4. The method according to claim 3, wherein after writing the redundant data included in each object of the target file into the redundant data block of each object and writing the file data of the target file into the valid data block of each object, respectively, the method comprises:

5. The method of claim 4, wherein the querying the first type of metadata of each file in a system disk according to the name of the target file and the read offset information, and determining information of each data block corresponding to the target file comprises:

determining the file identifier of the target file according to the name of the target file;

6. The method according to claim 4, wherein the reading the target file from the corresponding disk according to the read offset information and the read length information according to the information of each corresponding data block of the target file comprises:

according to the information of the disk to which the target data block corresponding to the target file belongs, and according to the reading offset information and the reading length information, respectively reading the file data stored in each target data block from the disk to which each target data block belongs;

7. The method according to claim 6, wherein the reading the file data stored in each target data block from the disk to which each target data block belongs comprises:

and if the reading of the target disk fails and the data stored in the target data block on the target disk is valid data, performing erasure correction calculation to recover the valid data in the target data block on the target disk, wherein the target disk is any one of the disks corresponding to the target data blocks.

8. The method of claim 7, wherein performing the erasure correction computation to recover valid data in the target data block on the target disk comprises:

9. The method according to claim 1, wherein before creating a data block of each object on each selected disk according to the preset erasure ratio, the method comprises:

10. The method according to claim 1, wherein the first type of metadata is stored in the form of key-value pairs.

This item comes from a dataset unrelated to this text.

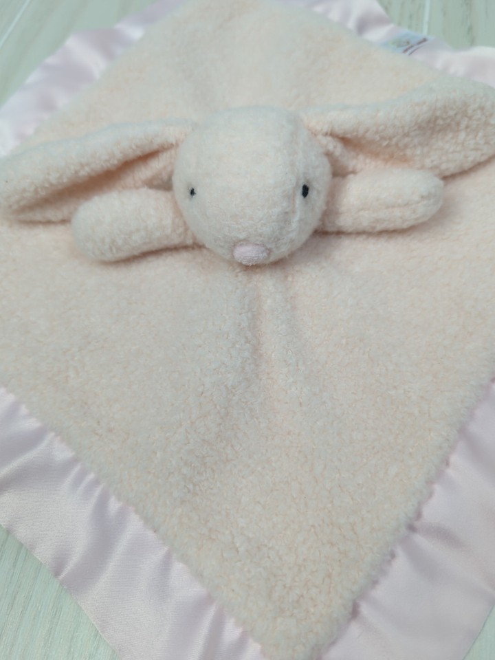 Apricot Lamb soft plush pink bunny security blanket lovey satin trim

11. A data processing apparatus, for use in a file system based on erasure-storage, the apparatus comprising: the device comprises an acquisition module, a determination module and a generation module;

the generating module is configured to respectively create a data block of each object on each selected disk according to the preset erasure ratio, and generate file creation information, where the file creation information includes: the file system comprises a target file, a file system and a storage system, wherein the target file comprises a file name, a file size, a file storage path, a file identifier, file creation time, the number of objects contained in the file and information of each data block in each object contained in the file, wherein the data block in each object comprises an effective data block and a redundant data block, and each data block under the same object is distributed on different disks of the selected file system;

the generating module is configured to generate first-type metadata and second-type metadata of the target file according to the file creation information, store the first-type metadata in a system disk of the file system, and store the second-type metadata in a data disk of the file system; the first type of metadata includes: basic information of the target file and an incidence relation between the first type metadata and second type metadata, wherein the second type metadata comprises: and the access frequency of the first type of metadata is greater than that of the second type of metadata.

12. An electronic device, comprising: a processor, a storage medium and a bus, the storage medium storing program instructions executable by the processor, the processor and the storage medium communicating via the bus when the electronic device is running, the processor executing the program instructions to perform the steps of the data processing method according to any one of claims 1 to 10 when executed.

13. A computer-readable storage medium, characterized in that the storage medium has stored thereon a computer program which, when being executed by a processor, carries out the steps of the data processing method according to one of claims 1 to 10.